Может быть, там уже и казнили его, опозорив и оплевав его первый, а потому самый трудный роман, однако казнили его одного, без ложных советчиков или верных друзей, которые в деле творчества бывают с такими камнями, что похуже злейших врагов, и за ошибки или вину он ответит один, что ж, и готов отвечать.
Как помочь тем, кто своими ногами не силах или боится пойти?
Может быть, это и есть самый важный, самый трудный, самый необходимый вопрос: как человеку поверить во что-нибудь хоть на волос повыше рубля или франка?
Ответит ли он сам себе на этот жестокий вопрос? Довольно ли человеку того, чтобы отыскать идеал чуть повыше рубля или франка и поверить в него? К тому же и тут ещё полный туман: есть ли путь к идеалу?
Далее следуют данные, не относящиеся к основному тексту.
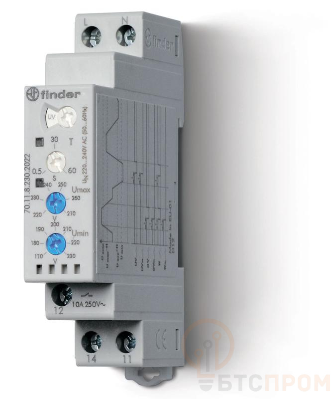 Реле контрольное для 1-фазных сетей пониженное/повышенное напряжение настраиваемые диапазоны выход 1CO 10А модул. шир. 17.5мм FINDER 701182302022
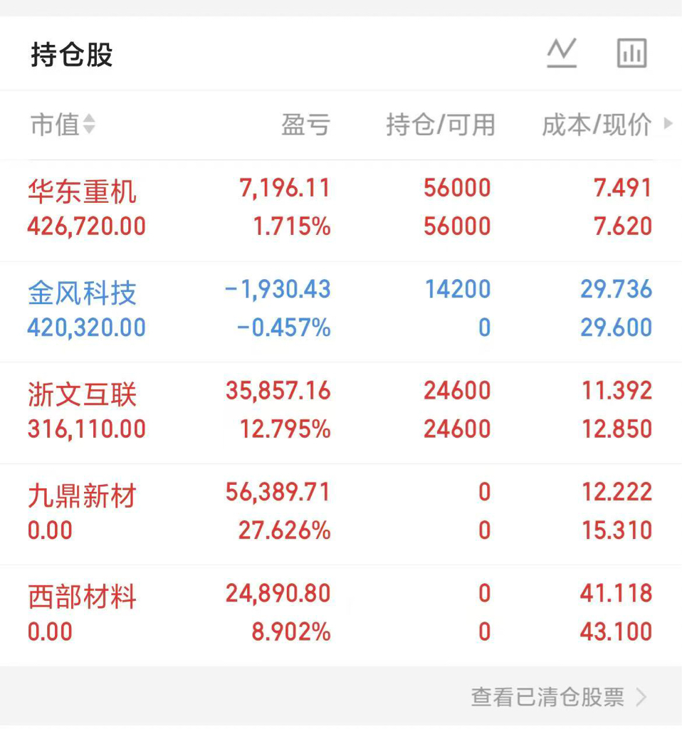 拿了一个多星期,吃将近30个点撤了西部材料吃8个点落袋为安和华东重机继续格局今日
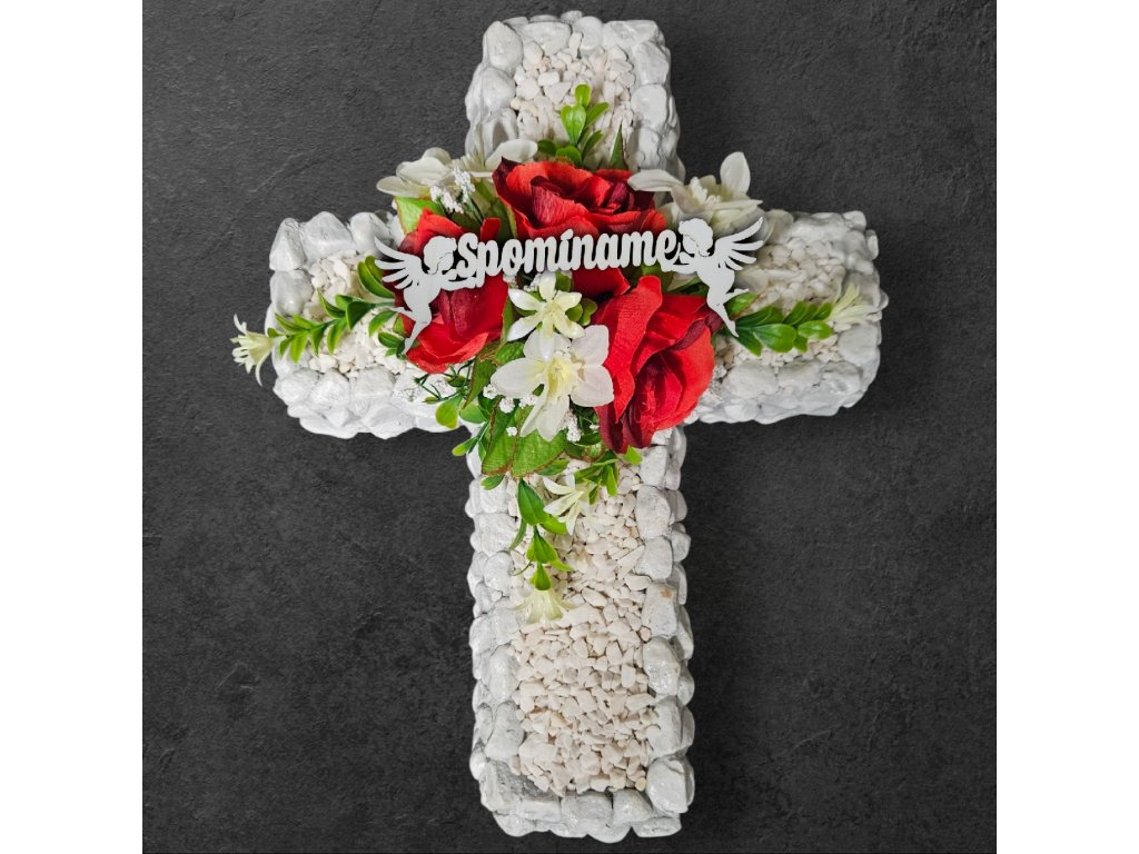Veľký betónový kríž na hrob v červenej farbe s nápisom. Rozmer cca 40x30cm.
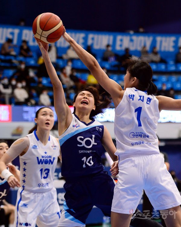 27일 인천 도원체육관에서 열린 ‘신한은행 SOL 2022-2022 여자프로농구’ 인천 신한은행과 아산 우리은행의 경기에서 신한은행 유승희의 슛이 우리은행 박지현의 수비에 막히고 있다.

Отступив, он невольно спросил, отчего-то желая в этот день благополучно уйти от прямого ответа:
– Позвольте, Трутовский, почему помочь вам могу именно я?
Трутовский застенчиво улыбнулся, с доверием следя за ним большими глазами:
– В училище, помните, вы были один, понимаете? О других, как бы это сказать?.. Помните, как у нас издевались над новичками, употребляли на посылки самые унизительные?
Он передернул плечами:
– Как же не помнить! Трутовский улыбнулся несмелой, но ласковой, нежной улыбкой:
– А вот при вас не позволили себе, вас одного уважали, ваше нравственное, ваше умственное превосходство признавали решительно все… тоже и я… вам верить привык… Тогда кто же иной?
Они действительно признавали, он постоянно чувствовал это, и такое признание естественно льстило ему и тешило бы мелкое его самолюбие, если бы он этот род самолюбия не презирал, не вычищал из себя. Однако, слишком занятый тем, как бы этот пошлый порок не укоренился в неопытной, мягкой душе, он и не думал тогда, что перед ними за свое превосходство в ответе, тогда как они, вот оказалось внезапно, ждали и ждут от него какого-то важного, какого-то прямо душе говорящего слова.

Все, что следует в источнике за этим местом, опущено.